Liger-Kernel
Liger-Kernel copied to clipboard
inference qwen2 model ,The reasoning is garbled and ValueError: Pointer argument (at 0) cannot be accessed from Triton (cpu tensor?)
trafficstars
🐛 Describe the bug
when I load model with AutoLigerKernelForCausalLM ,I get ValueError: Pointer argument (at 0) cannot be accessed from Triton (cpu tensor?)
when load mdoel Apply Model-Specific Patching APIs ,,The reasoning is garbled
Reproduce
import os
os.environ['CUDA_VISIBLE_DEVICES']='0,1'
import torch
from transformers import AutoTokenizer,AutoModelForCausalLM
from liger_kernel.transformers import AutoLigerKernelForCausalLM
model_path="Qwen/Qwen2-7B-Instruct"
tokenizer=AutoTokenizer.from_pretrained(model_path)
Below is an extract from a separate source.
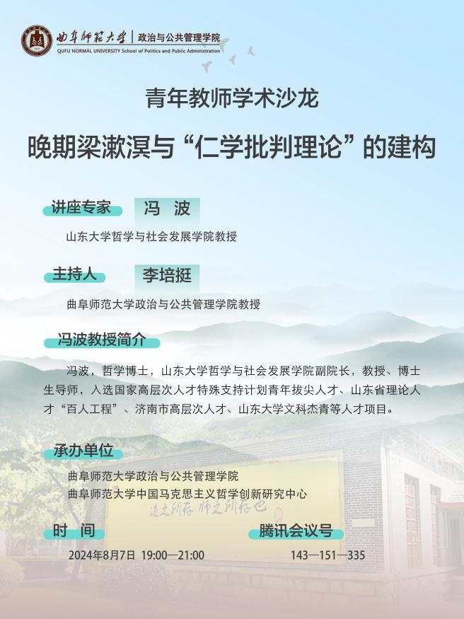 于线上举行“晚期梁漱溟与仁学批判理论的建构”专题讲座,学院邀请国家高层次人才特殊支持计划青年拔尖人才、山东省理论人才“百人工程”、山东大学哲学与社会发展学院副院长冯波教授在线作专题报告。讲座由脱裤吧

model=AutoModelForCausalLM.from_pretrained(model_path,trust_remote_code=True,device_map='cuda:0')
from liger_kernel.transformers import apply_liger_kernel_to_qwen2
apply_liger_kernel_to_qwen2()
apply_liger_kernel_to_qwen2(
rope=True,
swiglu=True,
cross_entropy=True,
fused_linear_cross_entropy=False,
rms_norm=False,
model=model,
)
Liger_model=AutoLigerKernelForCausalLM.from_pretrained(model_path,trust_remote_code=True,device_map='cuda:1')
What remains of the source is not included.